[AArch64] Use more LDP/STP in shrinkwrapping
The shrinkwrap optimization added in GCC 7 allows each callee-save to
be delayed and done only across blocks which need a particular callee-save.
Although this reduces unnecessary memory traffic on code paths that need
few callee-saves, it typically uses LDR/STR rather than LDP/STP. This
means more memory accesses and increased codesize, ~1.0% on average.
To improve this, if a particular callee-save must be saved/restored, also
add the adjacent callee-save to allow use of LDP/STP. This significantly
reduces codesize (for example gcc_r, povray_r, parest_r, xalancbmk_r are
1% smaller). This is a simple fix which can be backported. A more advanced
approach would scan blocks for pairs of callee-saves, but that requires a
full rewrite of all the callee-save code which is too late at this stage.

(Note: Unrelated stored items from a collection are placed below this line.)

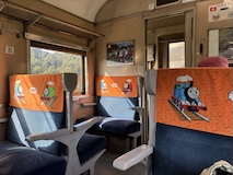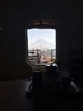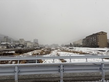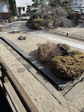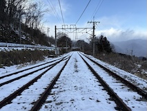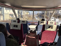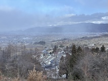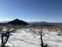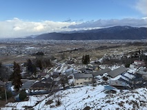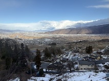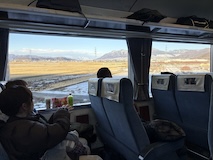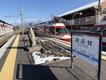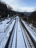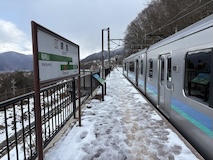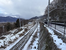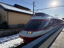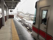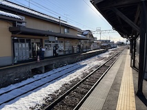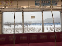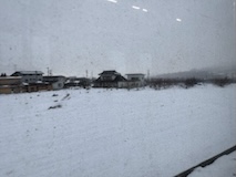 特急券付きの長野電鉄2日間フリー券を買って、指定を取ったゆけむり号で小布施へ。先頭車なのでワイドビュー。意外と雪がない。
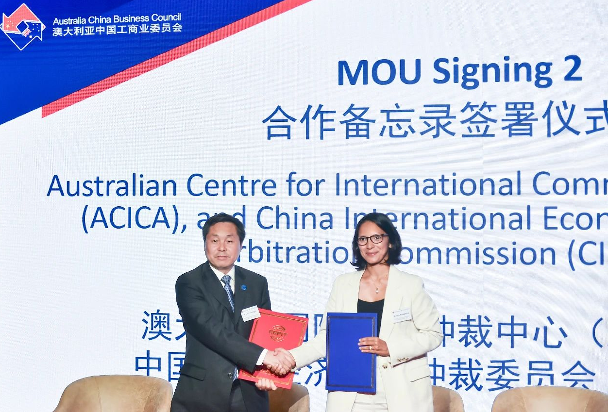 2024年4月15日,在中國(guó)貿(mào)促會(huì)會(huì)長(zhǎng)任鴻斌率中國(guó)企業(yè)家代表團(tuán)訪(fǎng)問(wèn)澳大利亞期間,由中國(guó)貿(mào)促會(huì)和澳中工商業(yè)委員會(huì)共同主辦的中國(guó)-澳大利亞商務(wù)研討會(huì)在澳大利亞悉尼舉行。中國(guó)國(guó)際經(jīng)濟(jì)貿(mào)易仲裁委員會(huì)(以下簡(jiǎn)稱(chēng)“貿(mào)仲”)副主任兼秘書(shū)長(zhǎng)王承杰與澳大利亞國(guó)際商事仲裁中心主席喬治婭·奎克(Georgia Quick)在悉尼簽訂了合作協(xié)議。
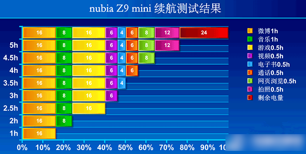 通过对该机进行5小时续航测试,发现nubia Z9 mini还剩下24%的电量,与iPhone 6剩余22%电量的成绩相比,nubia Z9 mini明显更胜一筹,很明显是2900mAh的大电池发挥了应有的作用。下面我们来看看各功能的耗电量:
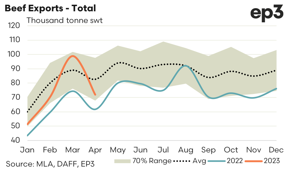 Total Aussie beef exports have declined by 27% during April to see 72,063 tonnes swt sent offshore. Although, it is not uncommon to see beef exports ease over April (the average trend shows a 7% decline from March to April over the last five-years) the strength of the turnaround has seen flows move from the upper end of the “normal” range to the lower end of the “normal” range in just a month.
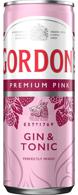 GIN GORDONS PINK & TONIC RTD je pripravený miešaný nápoj v plechovke, ktorý predstavuje jeden z najlepších koktailov s ružovým ginom (pink gin) v kategórii ready-to-drink (RTD). Má jasnú, karnevalovú farbu a vôňu sladkých malín s cukrárskymi tónmi, pripomínajúcimi malinové lekváre s jemným práškovým nádychom.
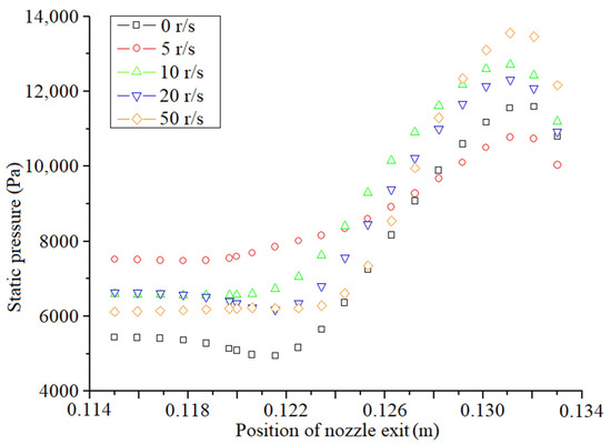 Static pressure distribution of the left nozzle exit at different rotational angular velocities.
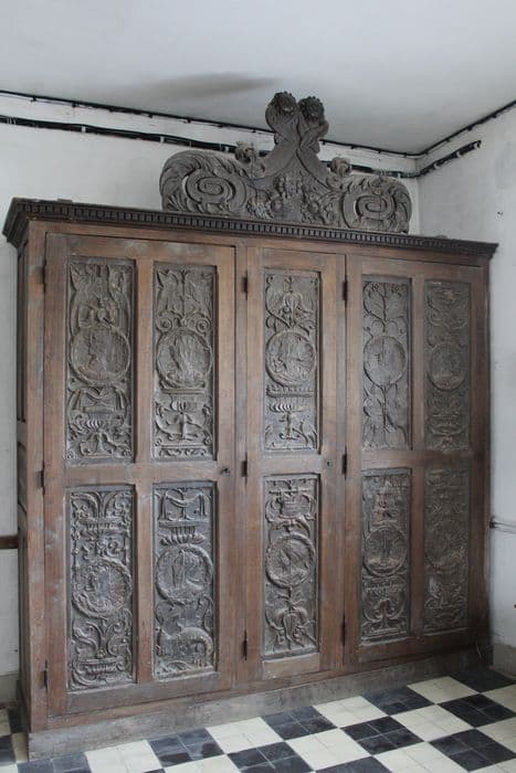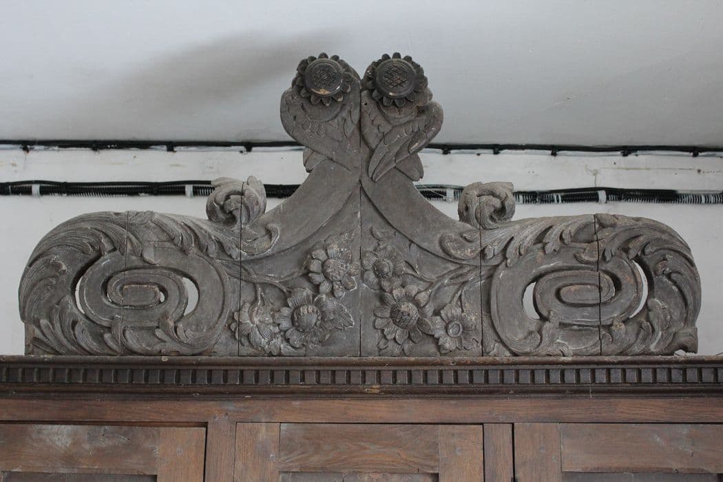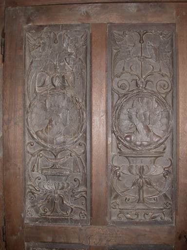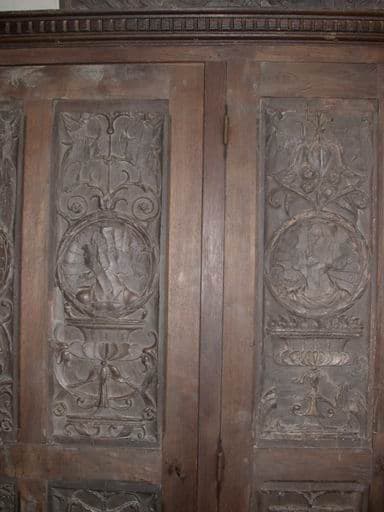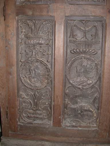 L'ensemble consiste en des panneaux de l'ancienne tribune des orgues, remontés dans un meuble de sacristie.
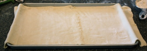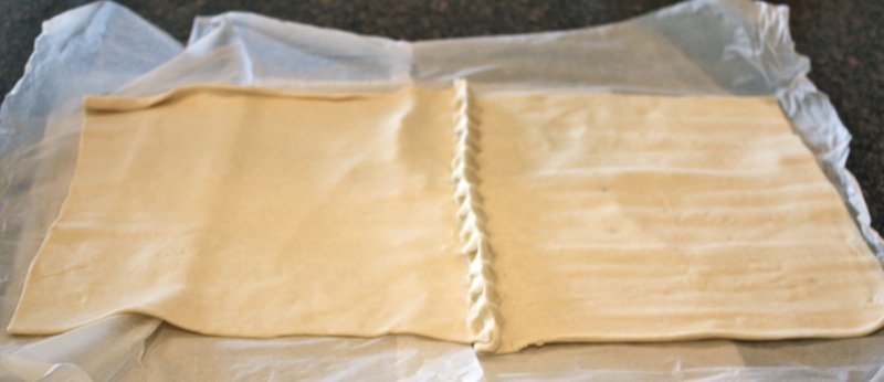 - Roll out the puff pastry, and bind the sheets together, as necessary
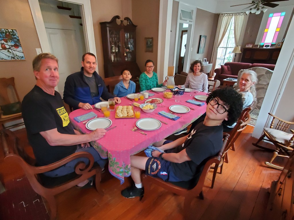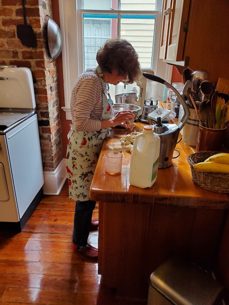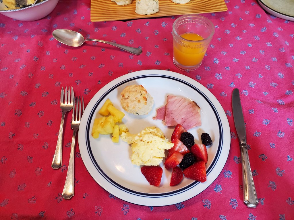 What remained of my NOLA sojourn was a lovely Sunday family brunch of Trish’s perfectly textured chive biscuits, ham, eggs (at $12.27 / dozen!), pineapple, and berries; my small contribution was happily juicing the fragrant oranges with a very efficient motorized juicer.
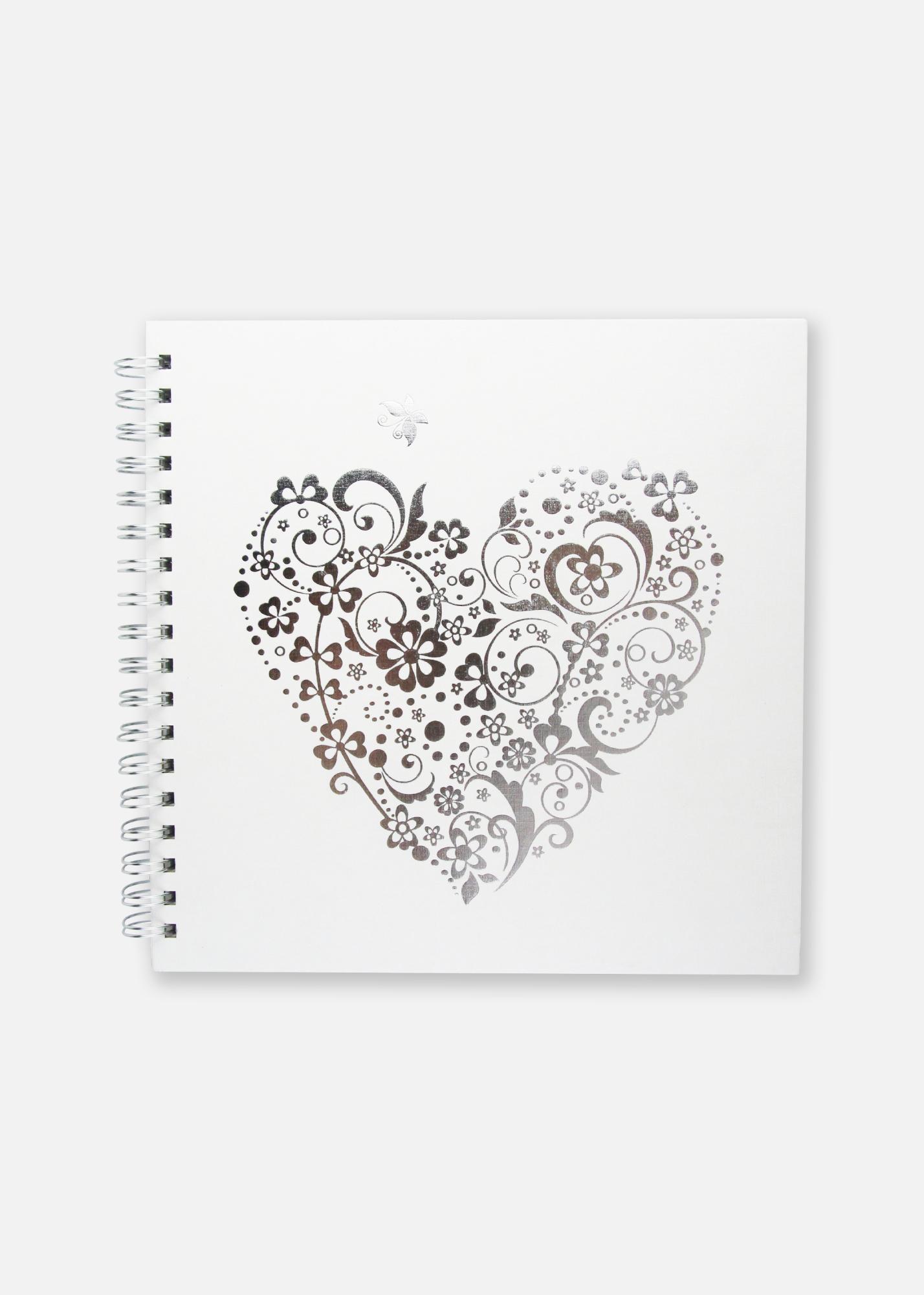Søt spiralalbum i hvit i størrelsen 18x18 cm. På framsiden er det en sølv hjerte trykt med fine blomsterdetaljer. Albumet inneholder 24 syrefrie sider i hvit og er en perfekt album som kan ligge framme uten å ta for mye plass.
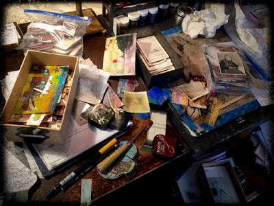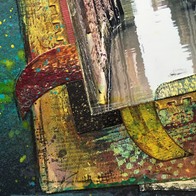 The fun really began at that point as I dug into my stash of painted paper, ephemera and collage material and made this mess.
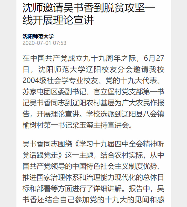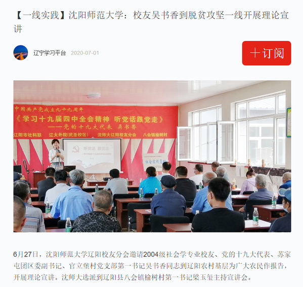 6月27日,必赢官网辽阳校友分会邀请2004级社会学专业校友、党的十九大代表、苏家屯团区委副书记、官立堡村党支部第一书记吴书香同志到辽阳农村基层为广大农民作报告,开展理论宣讲。学习强国平台和辽宁日报《北国》客户端对此进行了报道。
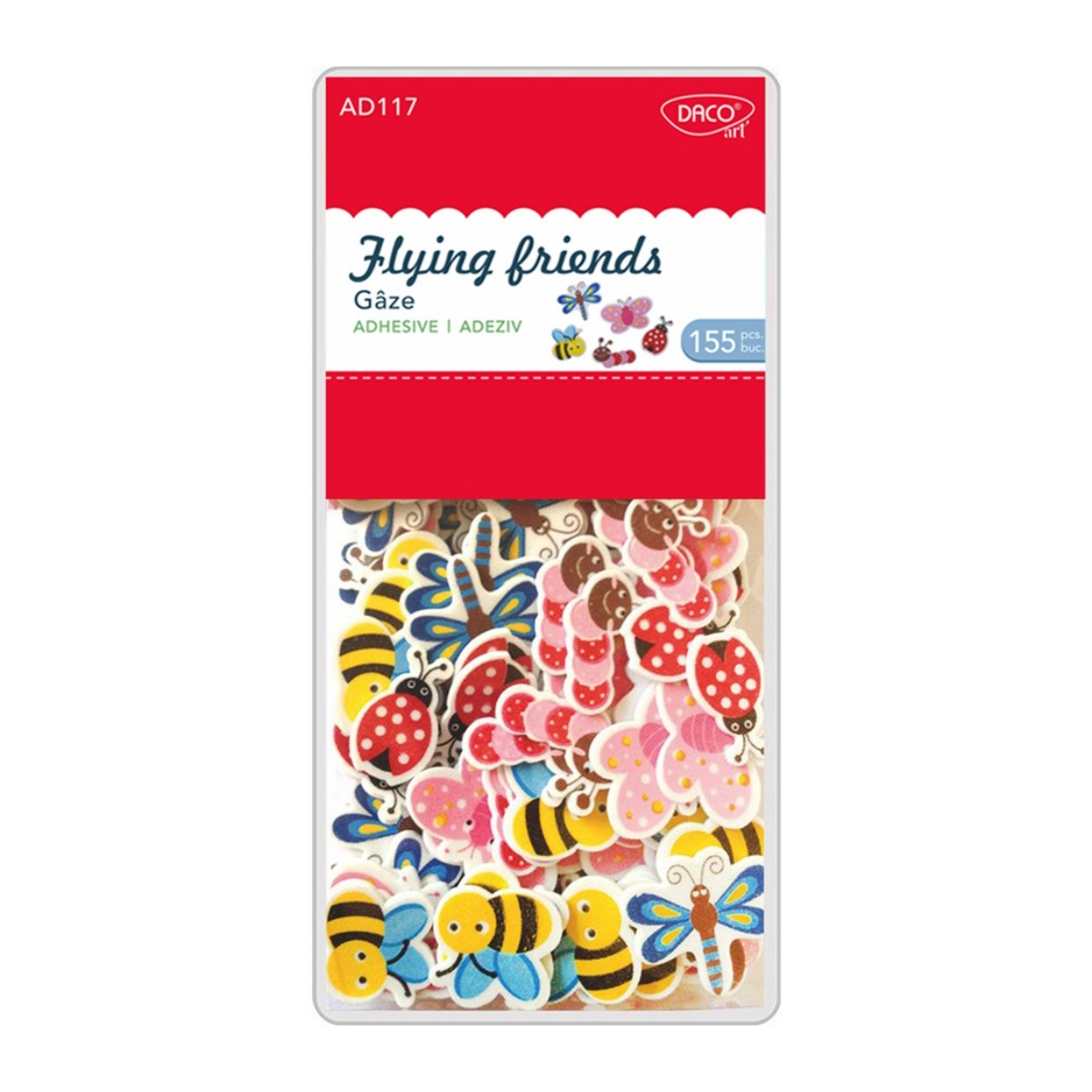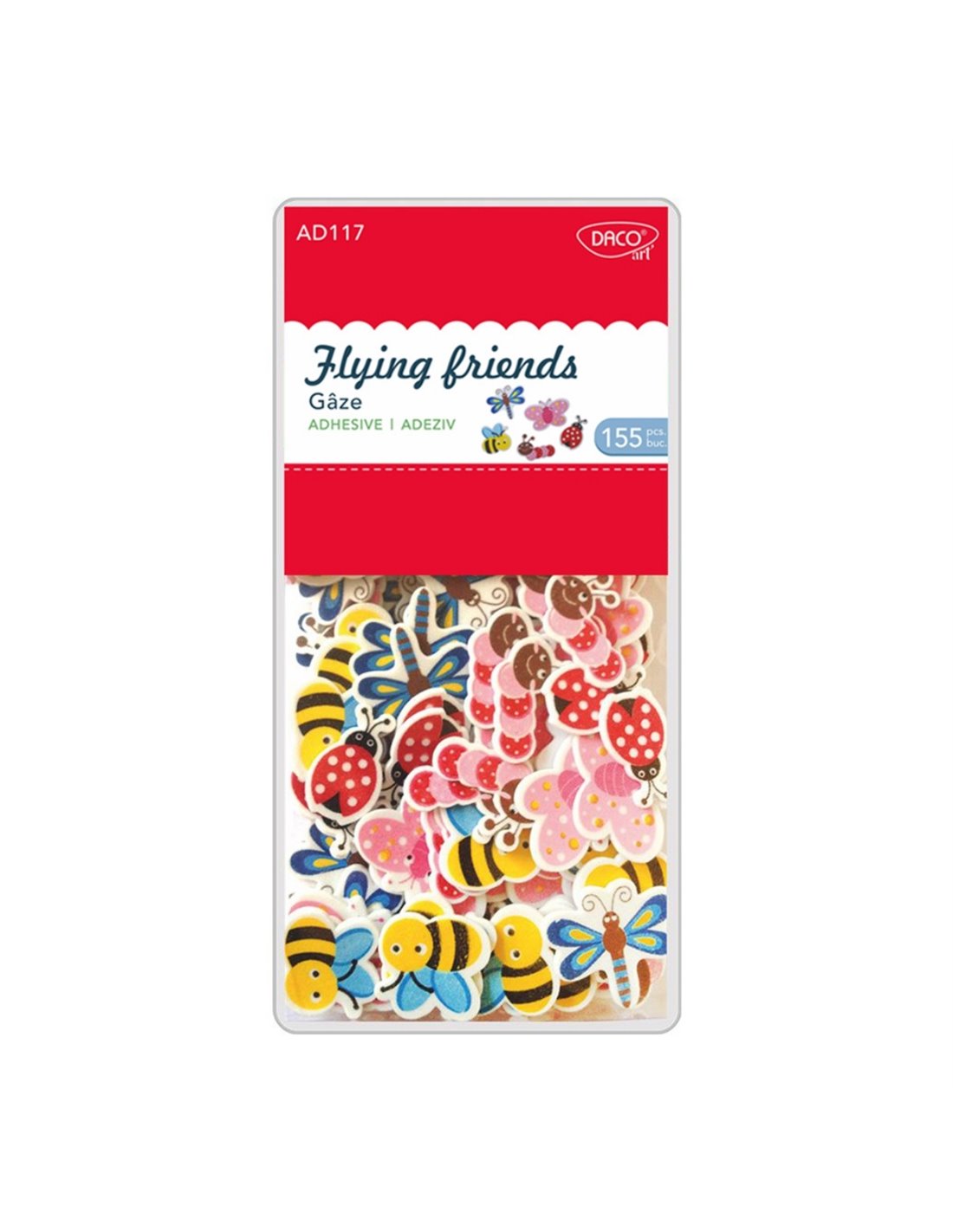 Setul decorativ Gâze DACO AD117 este ideal pentru activități de craft, proiecte handmade și creații artistice. Elementele decorative sunt realizate din spumă autoadezivă, fiind ușor de utilizat fără a necesita lipici suplimentar.

An example epilog in a shrinkwrapped function before:
ldp x21, x22, [sp,#16]
ldr x23, [sp,#32]
ldr x24, [sp,#40]
ldp x25, x26, [sp,#48]
ldr x27, [sp,#64]
ldr x28, [sp,#72]
ldr x30, [sp,#80]
ldr d8, [sp,#88]
ldp x19, x20, [sp],#96
ret
And after this patch:
ldr d8, [sp,#88]
ldp x21, x22, [sp,#16]
ldp x23, x24, [sp,#32]
ldp x25, x26, [sp,#48]
ldp x27, x28, [sp,#64]
ldr x30, [sp,#80]
ldp x19, x20, [sp],#96
ret
gcc/
* config/aarch64/aarch64.c (aarch64_components_for_bb):
Increase LDP/STP opportunities by adding adjacent callee-saves.
From-SVN: r257482